Darren Wilkinson is here this week early for the Hackathon this weekend. One of his projects is CaliBayes, which addresses the issue of estimating  parameters of kinetic laws. CaliBayes uses Java, and until now using RoadRunner required to go through the SBW Java bindings, to the SBW Broker to RoadRunner. It seems apparent, that this won’t deliver the best possible performance.

A couple of weeks ago I first dabbled in embedding the mono runtime for use of RoadRunner in C++. So it seemed clear, that this could be extended to the JNI world.

A prototype was quickly written and tested on OSX (10.6, using a 32bit JVM) and verified to work on Ubuntu 9.10 (32 bit). So far the version is not working in 64bit Linux. Mainly because all our libraries are not yet available for 64bit. Oh well … but it is a start …

The Ubuntu version is now online on the source forge project, source code an all:

http://sourceforge.net/projects/roadrunner/files/

Wednesday, April 28, 2010

SED-ML in Pictures

Today a question came up on the sbml-discuss list on freely available software for simulating BioModels 139 and BioModel 140. Someone tried to reproduce the simulation results with these models and failed to do so. In the future of course SED-ML will help us out in these cases, by essentially encoding the simulation experiment directly.

So I went ahead and created some SED-ML examples for these models. You will find them below. Admittedly, so far only our tools seem to support the format, but other groups are showing interest.

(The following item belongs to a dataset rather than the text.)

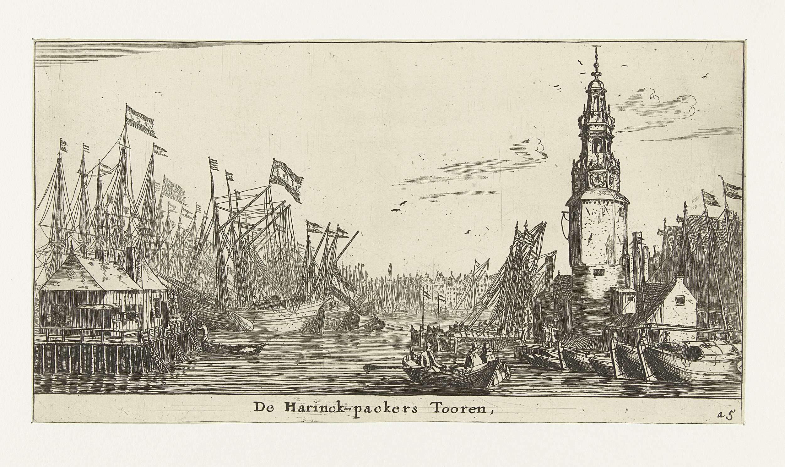 Havenfront met vele aangemeerde zeilschepen. Links de oude Stadsherberg, rechts de Haringpakkerstoren en de huizen aan de Haringpakkerij, tegenwoordig de Prins Hendrikkade.

To give it a try, you could download the latest version of the Systems Biology Workbench. Once it is installed, start the ‘Simulation Tool’. Which now comes with an experimental support for SED-ML, and there you can open and run SED-ML files from the ‘SED-ML’ tab.

Here is how it looks for the BioModel 139:

image

And here the result for BioModel 140:

image

Of course SED-ML is still in its infancy, but as you can see, there is a need for it now. So don’t wait for the final version, start implementing it in your tools now! Or if you don’t develop for a software package yourself, ask the authors of your favorite tool to do so!